= Beginning of Section =

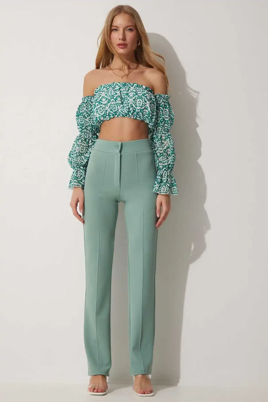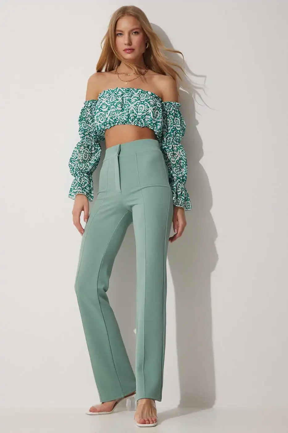 kadın pantolon, çağla yeşili pantolon, yüksek bel pantolon, likralı pantolon, rahat pantolon, örme pantolon, kadın giyim, yeşil pantolon, likralı yüksek bel, rahat örme pantolon
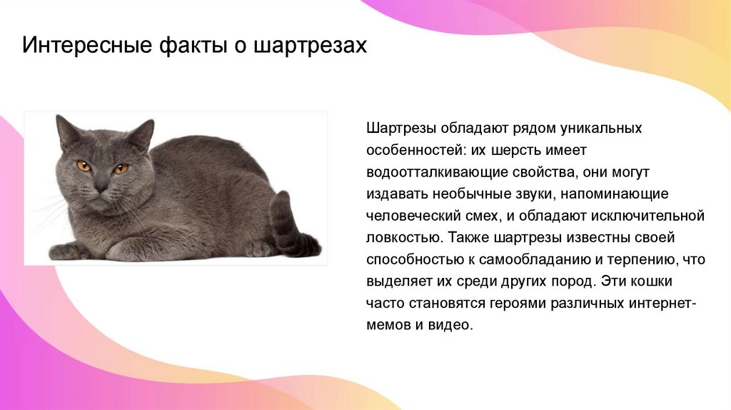 Интересные факты о шартрезахШартрезы обладают рядом уникальных
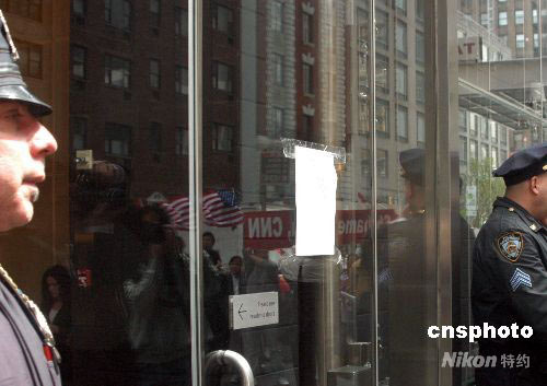 數(shù)百名華人及留學(xué)生二十一日在美國(guó)有限電視新聞網(wǎng)(CNN)駐紐約辦公樓附近游行,抗議CNN辱華報(bào)道,并將抗議書(shū)貼在CNN門(mén)前。中新社發(fā) 李靜 攝
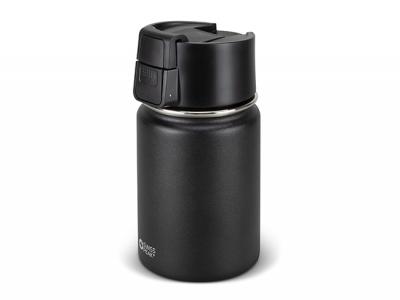 The timeless Swiss Peak design is evident in these smart 350ml double wall, vacuum insulated stainless steel cups which feature a smart powder coated finish. These custom branded cups will keep drinks hot or cold for hours and feature a secure screw-on lid with a push-button activated flip closure which is spring loaded for smooth, effortless operation.
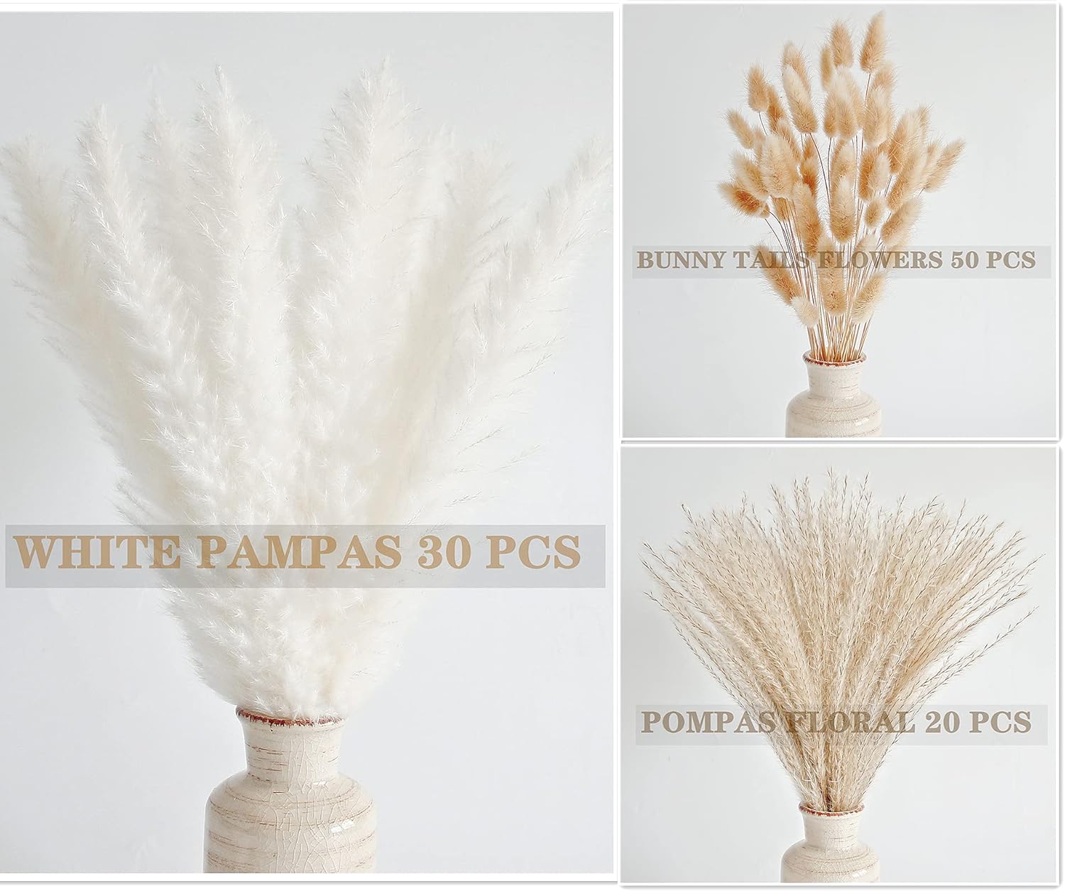 • More then one kind of pampas grass bouquet: carefully selected natural dried pampas grass decor, try to avoid deformation and breakage of dried pampas grass, 100 pieces of pampass grass contain 50 small pampas grass, 20 reed grass, 30 white pampas grass decor, (pampas grass vase not included) fill your vase, you can match it with different dried pompas floral bouquets according to your preference

= End of Section =

Activity
Your answer must be an exact repeat of the records above, with the pictures left out.

Answer to the problem
 kadın pantolon, çağla yeşili pantolon, yüksek bel pantolon, likralı pantolon, rahat pantolon, örme pantolon, kadın giyim, yeşil pantolon, likralı yüksek bel, rahat örme pantolon
 Интересные факты о шартрезахШартрезы обладают рядом уникальных
 數(shù)百名華人及留學(xué)生二十一日在美國(guó)有限電視新聞網(wǎng)(CNN)駐紐約辦公樓附近游行,抗議CNN辱華報(bào)道,并將抗議書(shū)貼在CNN門(mén)前。中新社發(fā) 李靜 攝
 The timeless Swiss Peak design is evident in these smart 350ml double wall, vacuum insulated stainless steel cups which feature a smart powder coated finish. These custom branded cups will keep drinks hot or cold for hours and feature a secure screw-on lid with a push-button activated flip closure which is spring loaded for smooth, effortless operation.
 • More then one kind of pampas grass bouquet: carefully selected natural dried pampas grass decor, try to avoid deformation and breakage of dried pampas grass, 100 pieces of pampass grass contain 50 small pampas grass, 20 reed grass, 30 white pampas grass decor, (pampas grass vase not included) fill your vase, you can match it with different dried pompas floral bouquets according to your preference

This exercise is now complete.